Benson was one of about a dozen presenters in the first of two hearings hosted by the AFN’s expert panel, which consists of chair Delia Opekokew and Bryan Schwartz and Robert Winogron who are both former legal counsel for the AFN/Canada Joint Task Force that created the†Specific Claims Tribunal Act.

The panel was struck by the AFN to gather information about the current specific claims process, and get experiences and insights as well as ideas for change from those who have participated in the process.

The biggest problems aren’t necessarily with the act itself, but in terms of how the act is being implemented and issues within the process itself,” said Benson. “It doesn’t seem to be so much a problem of what we set up, as the fact that the department has then taken it and interpreted it a certain way.”

In Bad Faith outlines areas of concern that deal with the implementation of the policy. First, the report says the number of specific claims entering the system is increasing. This is because of the Specific Claims Branch’s internal policy of accepting for negotiation only minor portions of claim submissions and demanding legal releases of liability on the bulk of substantive allegations.

This in turn is forcing First Nations to file separate, smaller claims. The backlog of claims appears to be diminishing only because they have been rejected and now have moved on to the Specific Claims Tribunal.

In practice, AANDC unilaterally and without consultation imposes a preliminary value upon each claim, then the Specific Claims Branch identifies the majority of these claims as “small value” claims and denies First Nations the opportunity to negotiate them.

Kathleen Lickers, barrister and solicitor with Six Nations, agreed with Benson.

“It was drafted on the promise from Canada that negotiation was their preferred path, (but) that’s not the Canada that we’ve seen,” Lickers told the panel.

She also called into question the independence of the process noting that the mediation service was administered by government staff within government offices.

“They’re the judge, the defendant, the banker and the time keeper, and is that still necessary?” she asked.

In Bad Faith notes that “First Nations have publicly criticized this mediation unit for its appearance of conflict of interest. First Nations’ requests for mediation services are routinely denied by Specific Claims Branch officials.

“Further, with the prevalence of ‘take-it-or-leave it’ offers, there is much less opportunity for mediation.”

Luke Hunter, land, rights, and treaty research director with Nishnawbe Aski Nation, told the panel that the federal agenda was to “choke the next generation with claims” and wind down the process.

He also noted that NAN members have not taken their specific claims to the tribunal, despite having their claims rejected by Canada, because the tribunal is only able to offer financial compensation and cannot make decisions on land.

“If there’s no land, how can First Nations be sustainable in the long term?” Hunter asked. “This underscores the need to revamp the way Canada is handling the specific claims process… The Specific Claims Tribunal is very much in need of a thorough, independent review.”

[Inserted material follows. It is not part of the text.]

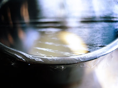 - Готовое тесто скатываем в шар, укладываем в чистую миску, смазанную 1 столовой ложкой растительного масла, накрываем емкость полиэтиленовой пищевой пленкой и затем кухонным полотенцем.

An open letter addressed to Prime Minister Stephen Harper and signed by leaders of First Nations, tribal councils, provincial and territorial organizations, NDP MPs, claims research directors and units, and like-minded organizations, concludes, “Specific claims will not be resolved if Canada continues to engage in the practices detailed in the enclosed report, nor will they disappear without honorable government leadership that respects the principles of justice articulated in its own policy documents. The debt burden on Canadians is mounting and the already fragile relationship between Canada and First Nations is in danger of further deterioration.

“With an upcoming federal election, we urge you to implement the recommendations outlined in our report and uphold the promises made in Justice At Last to settle specific claims through fair, honorable and timely negotiations with First Nations, and ensure that the human rights of First Nations are fully respected.”

AFN’s expert panel is scheduled to hold a second hearing in Vancouver on March 26 (after deadline). Information gathered from the two hearings will be used to make an independent recommendation on improving the specific claims process policy and legislation, said Opekokew.